- #1

fluidistic

Gold Member

- 3,948

- 263

## Homework Statement

Consider a harmonic oscillator with generalized coordinates q and p with a frequency omega and mass m.

Let the transformation (p,q) -> (Q,P) be such that [itex]F_2(q,P,t)=\frac{qP}{\cos \theta }-\frac{m\omega }{2}(q^2+P^2)\tan \theta[/itex].

1)Find [itex]K(Q,P)[/itex] where [itex]\theta[/itex] is a function of time and K is the Hamiltonian in function of Q and P.

2)For which values of [itex]\theta (t)[/itex] does [itex]K(Q,P)[/itex] vanishes?

## Homework Equations

[itex]H=\frac{p^2}{2m}+\frac{\omega m }{2}[/itex].
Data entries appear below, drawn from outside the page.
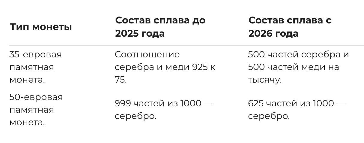 Новые 35-евровые монеты теперь производят не из стерлингового серебра, как раньше. Их вес – 17 граммов. А 50-евровые монеты больше не будут из чистого серебра. Их вес – 21 грамм. Обе монеты в обычной чекане стали на один грамм легче из-за того, что серебра у них меньше.
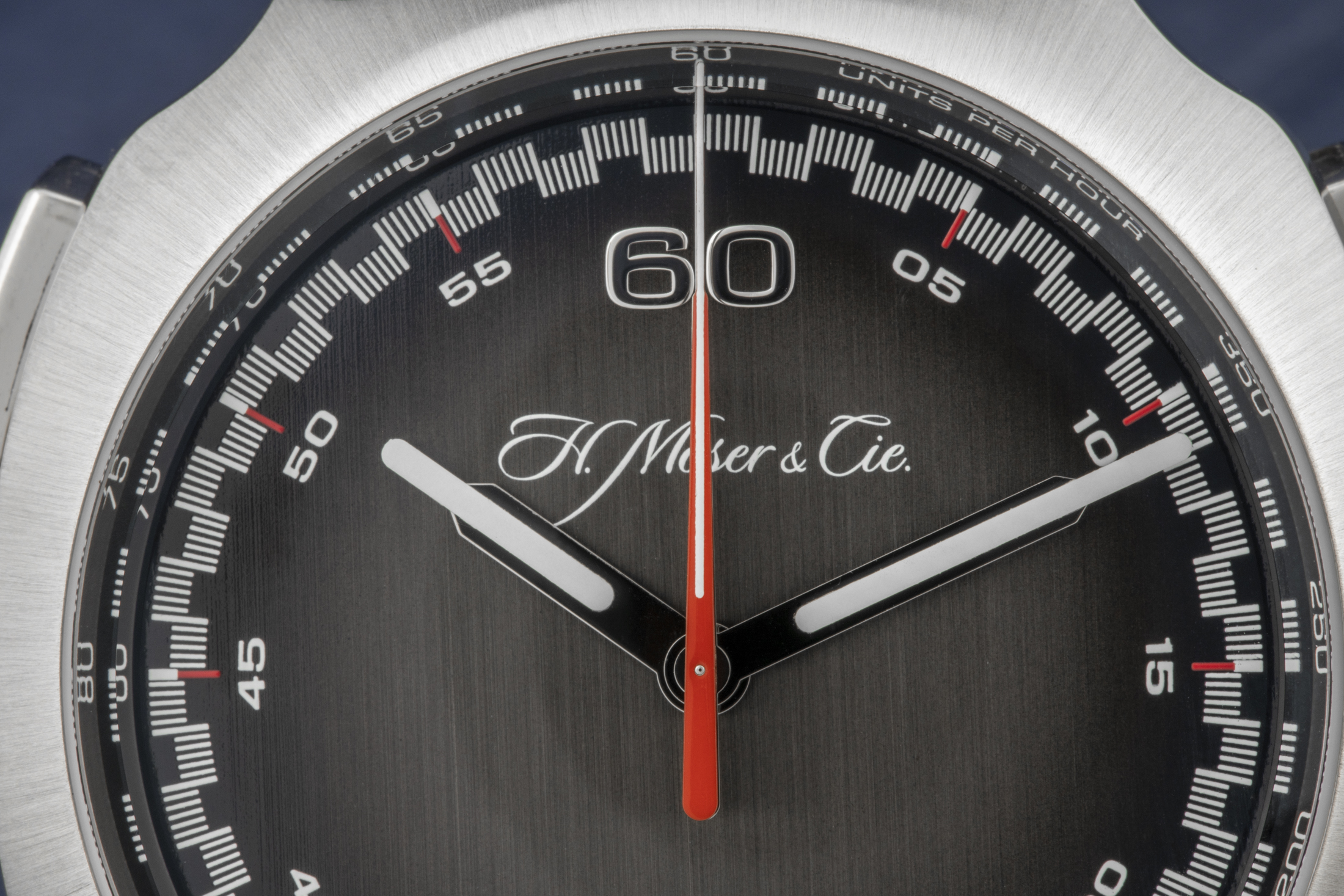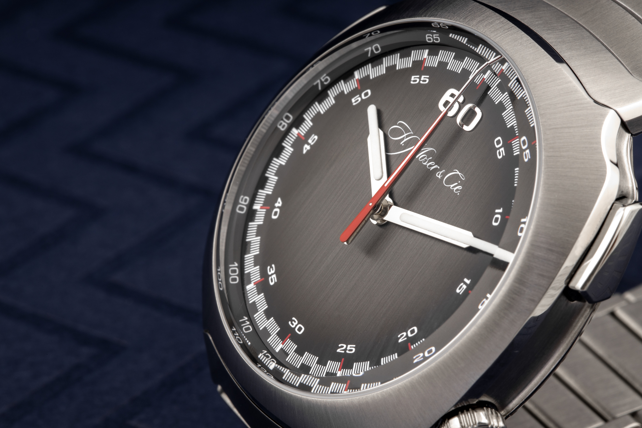 The dial and dial furniture are as well integrated to the overall design as the bracelet is to the case. Elements such as the rounded lume inserts on the hour and minute hands, as well as the very elegantly handled, curved taper of the two co-axially mounted chronograph seconds hands, show Moser's commitment to keeping the design language consistent through every element of the watch. In the sample we had for this review, the two chronograph seconds hands are as exactly superimposed over each other, as the most exacting watch enthusiast could expect from a high-end rattrapante chronograph, though this is a flyback, rather than a split seconds chronograph. There is a tachymeter scale as well but it is placed on the rehaut, and its presence does little or nothing to detract from the clarity and legibility of the watch.
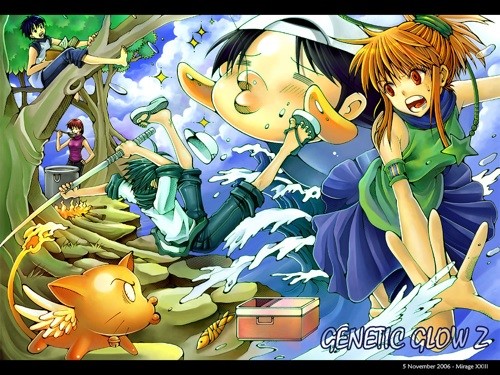 Although both Diane and Elly continued to produce their own artwork, it wouldn't be long before a class assignment for Elly to produce a flash animation would become their first project. Elly was determined to make her own game, and although Diane was skeptical about her own artistic abilities at the time, she offered to help Elly create the game she was trying to make, tentatively titled Genetic Glow. As a result, Elly helped train Diane on the ins and outs of Photoshop and other techniques used to design art on the computer. In return, Diane helped Elly brainstorm ideas for the game story, characters, and images. In the end, Elly took care of the character designs and stories for the characters while Diane handled image designs and coloring. While both artists admit that Genetic Glow had flaws, the project was enough to inspire them to continue designing games in flash and experiment with other game platforms. Elly and Diane brought the characters from Genetic Glow back for a sequel, which they also did together. As Elly strengthened her skills with flash animation, Diane found that her drawing and design skills were also improving. As a result, she took the lead on a new game series, Imaginary Realm, for which she handled the character designs and storywriting.

[itex]p=\frac{\partial F_2}{\partial q}, Q=\frac{\partial F_2}{\partial P}[/itex]

[itex]K=H+\frac{\partial F_2}{\partial t}[/itex]
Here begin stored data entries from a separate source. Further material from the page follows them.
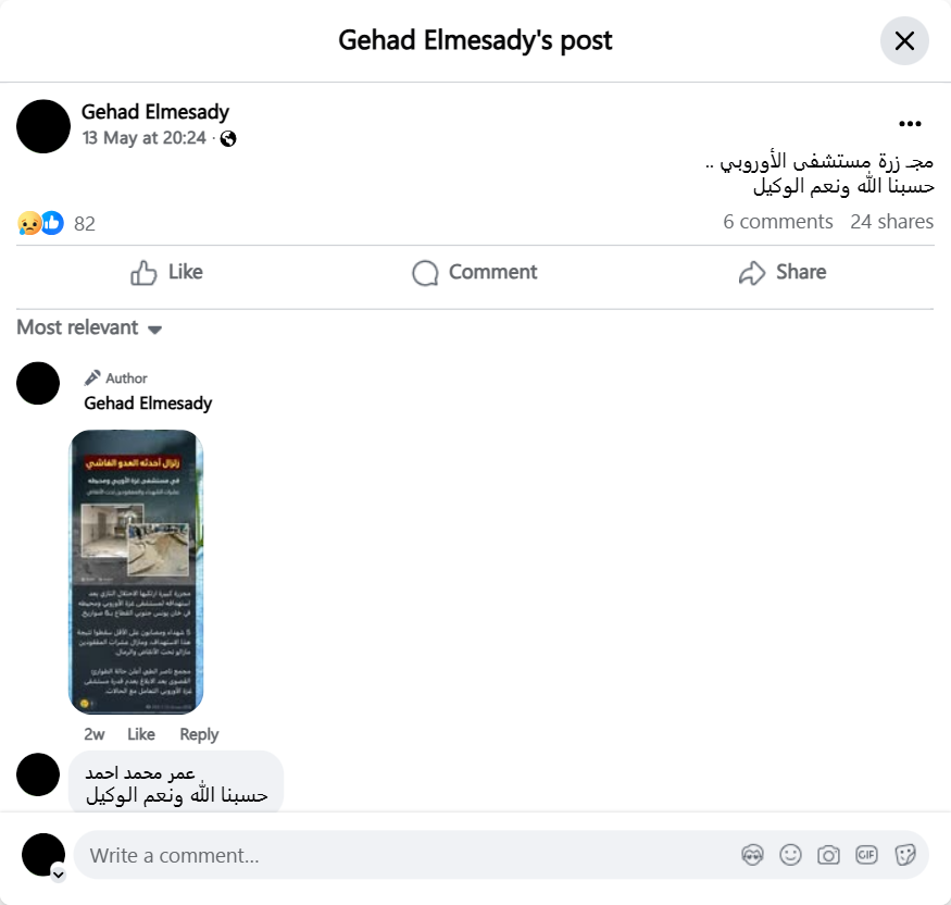 مجـ زرة مستشفى الأوروبي ..حسبنا الله ونعم الوكيل
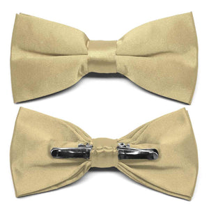 Wear a perfect bow every time with this sparkling champagne clip-on bow tie. This pre-tied bow features a heavyweight clip that discretely attaches to either side of your shirt collar material for a secure fit. One size fits all, regardless of neck size. Has a shiny, satin look. Matching pocket squares available.
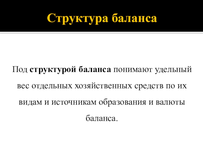Под структурой баланса понимают удельный вес отдельных хозяйственных средств по
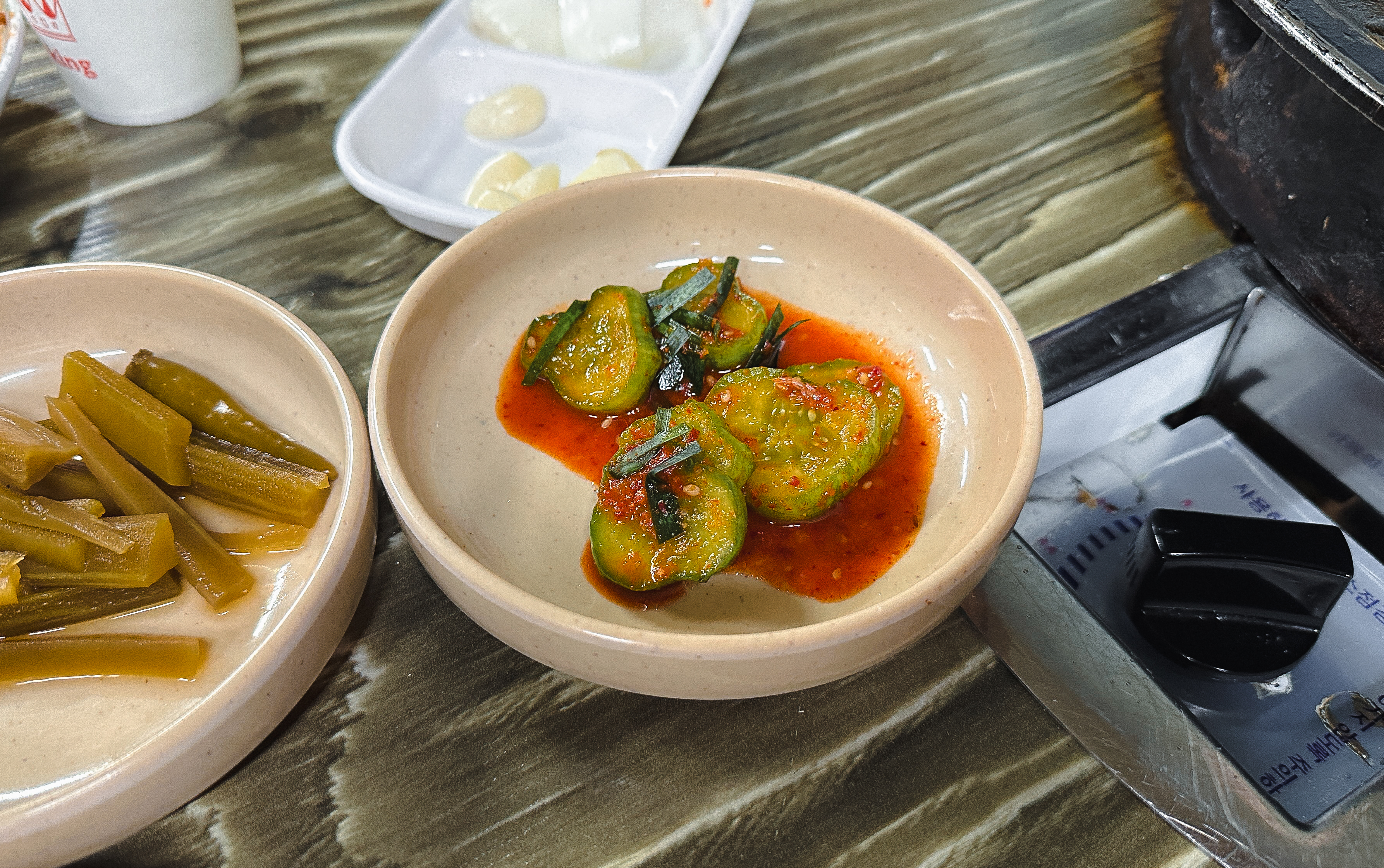 특히 같이 나온 반찬들도 하나같이 맛있었는데, 부추무침은 그때그때 양념을 하여 무쳐주셨고, 아삭한 식감의 궁채나물도 고기와 곁들이니 별미였습니다. 그밖에 오이소박이와 섞박지도 고기와 잘 어울려서 맛있게 먹을 수 있었습니다.

## The Attempt at a Solution

I guess the main idea is to calculate [itex]\frac{\partial F_2}{\partial t}[/itex] and express p and q in terms of P and Q.

Playing with the relevant equations I get that [itex]q=Q\cos \theta +m \omega P \sin \theta[/itex], [itex]p=\frac{P}{\cos \theta }-m\omega \tan \theta (Q\cos \theta + m\omega P \sin \theta )[/itex].
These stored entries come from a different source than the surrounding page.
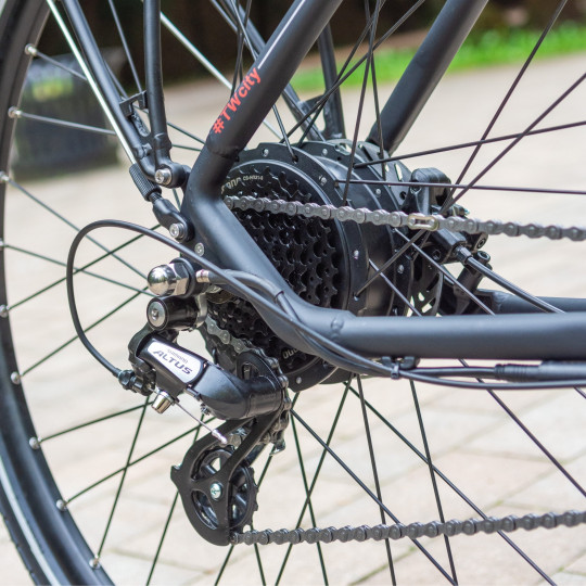 Napęd oparty na komponentach SHIMANO Altus 3x8 oferuje 24 biegi, co pozwala bardzo precyzyjnie dopasować przełożenia do stylu jazdy, podjazdów oraz spokojniejszych odcinków pokonywanych ze wspomaganiem elektrycznym. Taki zakres napędu dobrze sprawdza się w rowerze trekkingowym, gdzie liczy się wszechstronność i wygoda.
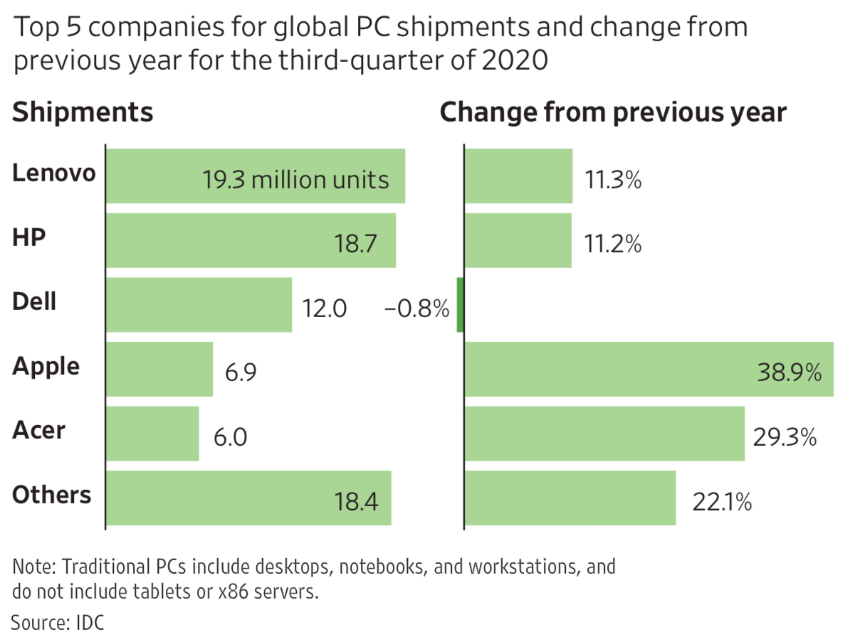 受新冠疫情影响,远程工作、在线教育、以及娱乐需求等推动,全球 PC 取得了较大幅度增长。
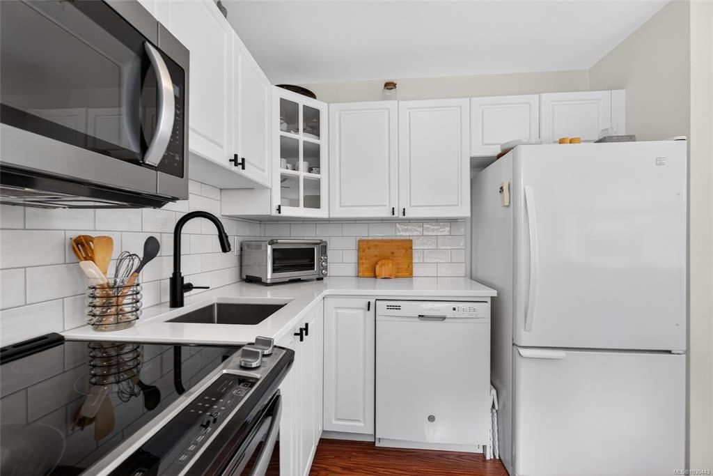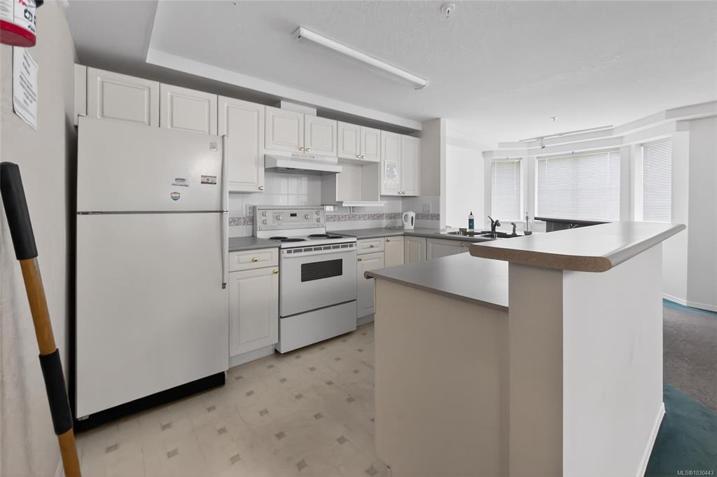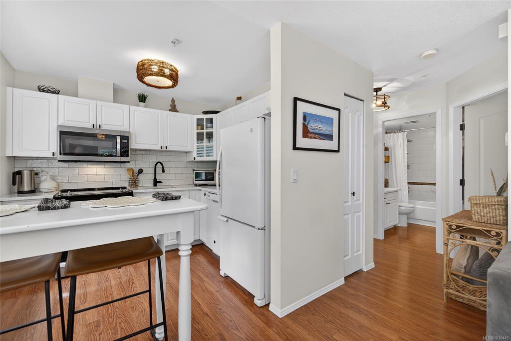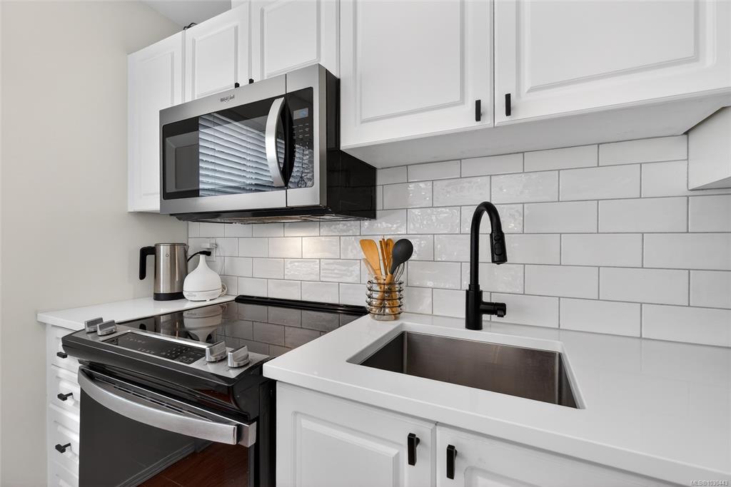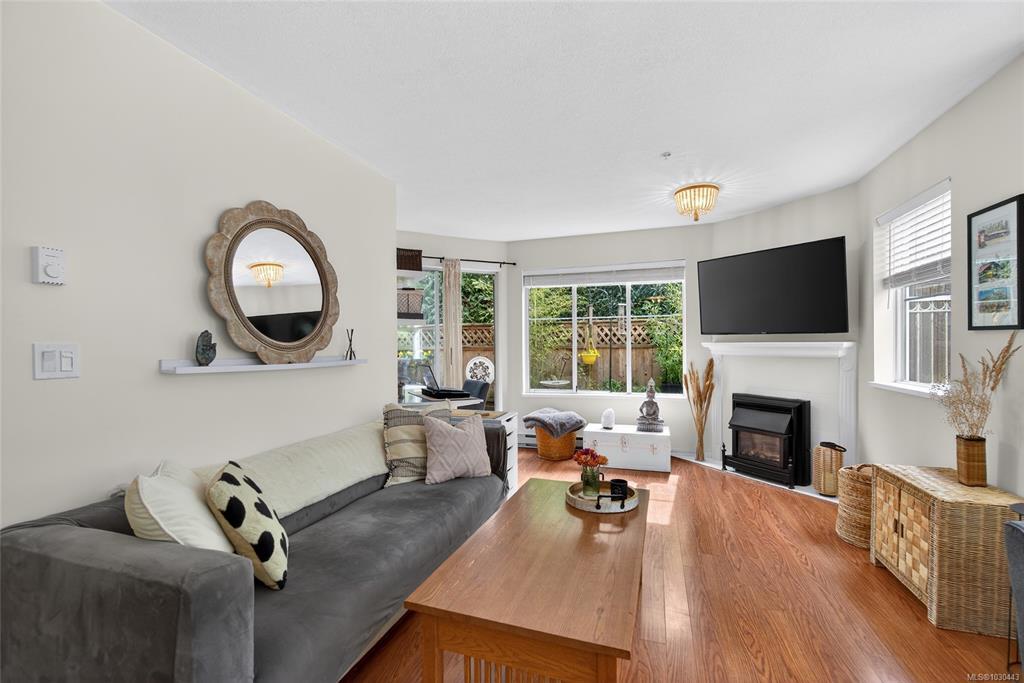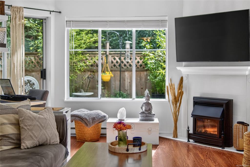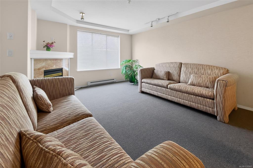 Fashion and function, this is a charmer! If you are looking to get into the market or ready to down size and appreciate style and comfort, this is the right one for you! This very efficient one bedroom condo with a huge and private patio features a cozy gas fireplace that heats the entire home and is included in your strata fee! There is an open concept kitchen, a good sized bedroom and bathroom and one parking and storage locker. In a healthy building that has a 6 year old roof and just finished re-done de...

Also, [itex]\frac{\partial F_2}{\partial t}=qP\dot \theta \sin \theta - \frac{m\omega }{2}(q^2+P^2)\left ( \frac{\dot \theta }{\sin ^2 \theta } \right ) [/itex].

This gave me [itex]K=\frac{1}{2m} \left [ \frac{P}{\cos \theta }-m\omega (Q\cos \theta+m \omega \sin \theta ) \tan \theta \right ] ^2+\frac{m\omega}{2}(Q\cos \theta + m \omega P \sin \theta )^2+ (Q \cos \theta + m \omega P \sin \theta )P\dot \theta \sin \theta -\frac{m\omega }{2} [(Q\cos \theta + m\omega P \sin \theta)^2+P^2]\left ( \frac{\dot \theta }{\sin ^2 \theta } \right )[/itex].

The new Hamiltonian does indeed depends on the variables it should, but it looks so horrible that I cannot believe I made things right. What am I missing?